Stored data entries
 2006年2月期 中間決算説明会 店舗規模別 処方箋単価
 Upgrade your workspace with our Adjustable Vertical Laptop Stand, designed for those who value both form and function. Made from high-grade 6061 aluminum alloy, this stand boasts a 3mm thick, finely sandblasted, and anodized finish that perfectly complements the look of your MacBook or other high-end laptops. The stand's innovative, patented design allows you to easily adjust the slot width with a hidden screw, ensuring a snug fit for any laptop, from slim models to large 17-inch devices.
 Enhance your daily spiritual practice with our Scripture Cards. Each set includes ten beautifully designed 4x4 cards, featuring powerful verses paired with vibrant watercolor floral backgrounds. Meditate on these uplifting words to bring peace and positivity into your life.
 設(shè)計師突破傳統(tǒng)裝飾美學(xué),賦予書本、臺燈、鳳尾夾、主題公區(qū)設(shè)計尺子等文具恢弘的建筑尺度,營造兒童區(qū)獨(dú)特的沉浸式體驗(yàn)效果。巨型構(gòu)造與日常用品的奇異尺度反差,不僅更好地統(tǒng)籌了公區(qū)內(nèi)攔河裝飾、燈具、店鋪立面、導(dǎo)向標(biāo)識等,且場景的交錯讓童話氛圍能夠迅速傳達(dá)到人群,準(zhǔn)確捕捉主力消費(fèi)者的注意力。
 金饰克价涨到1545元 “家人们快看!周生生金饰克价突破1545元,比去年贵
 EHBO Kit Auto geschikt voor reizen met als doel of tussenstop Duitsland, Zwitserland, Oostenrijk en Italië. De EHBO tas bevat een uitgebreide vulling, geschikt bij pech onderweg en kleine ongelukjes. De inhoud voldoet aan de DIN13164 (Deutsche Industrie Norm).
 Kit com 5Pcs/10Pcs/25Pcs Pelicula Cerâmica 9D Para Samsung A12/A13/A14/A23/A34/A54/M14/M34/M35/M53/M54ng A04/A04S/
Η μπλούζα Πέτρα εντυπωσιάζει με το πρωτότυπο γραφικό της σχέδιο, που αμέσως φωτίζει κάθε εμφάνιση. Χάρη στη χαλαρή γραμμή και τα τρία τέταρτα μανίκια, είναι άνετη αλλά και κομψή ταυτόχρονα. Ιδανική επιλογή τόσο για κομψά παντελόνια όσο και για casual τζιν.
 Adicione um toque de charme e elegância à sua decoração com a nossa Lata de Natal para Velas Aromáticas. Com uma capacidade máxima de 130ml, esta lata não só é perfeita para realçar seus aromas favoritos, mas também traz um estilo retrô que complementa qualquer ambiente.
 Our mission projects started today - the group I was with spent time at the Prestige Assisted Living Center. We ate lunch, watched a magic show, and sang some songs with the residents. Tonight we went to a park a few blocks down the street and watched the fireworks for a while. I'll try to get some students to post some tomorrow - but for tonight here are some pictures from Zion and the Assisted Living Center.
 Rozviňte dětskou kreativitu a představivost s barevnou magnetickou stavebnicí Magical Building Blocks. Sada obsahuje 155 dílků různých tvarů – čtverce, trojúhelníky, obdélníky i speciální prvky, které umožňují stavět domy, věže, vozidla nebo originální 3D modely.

EXERCISE PROMPT: An exact copy of the line containing "Our mission projects" and all lines after it, through the last line of the entries, is the required answer.

WORKED SOLUTION:
 Our mission projects started today - the group I was with spent time at the Prestige Assisted Living Center. We ate lunch, watched a magic show, and sang some songs with the residents. Tonight we went to a park a few blocks down the street and watched the fireworks for a while. I'll try to get some students to post some tomorrow - but for tonight here are some pictures from Zion and the Assisted Living Center.
 Rozviňte dětskou kreativitu a představivost s barevnou magnetickou stavebnicí Magical Building Blocks. Sada obsahuje 155 dílků různých tvarů – čtverce, trojúhelníky, obdélníky i speciální prvky, které umožňují stavět domy, věže, vozidla nebo originální 3D modely.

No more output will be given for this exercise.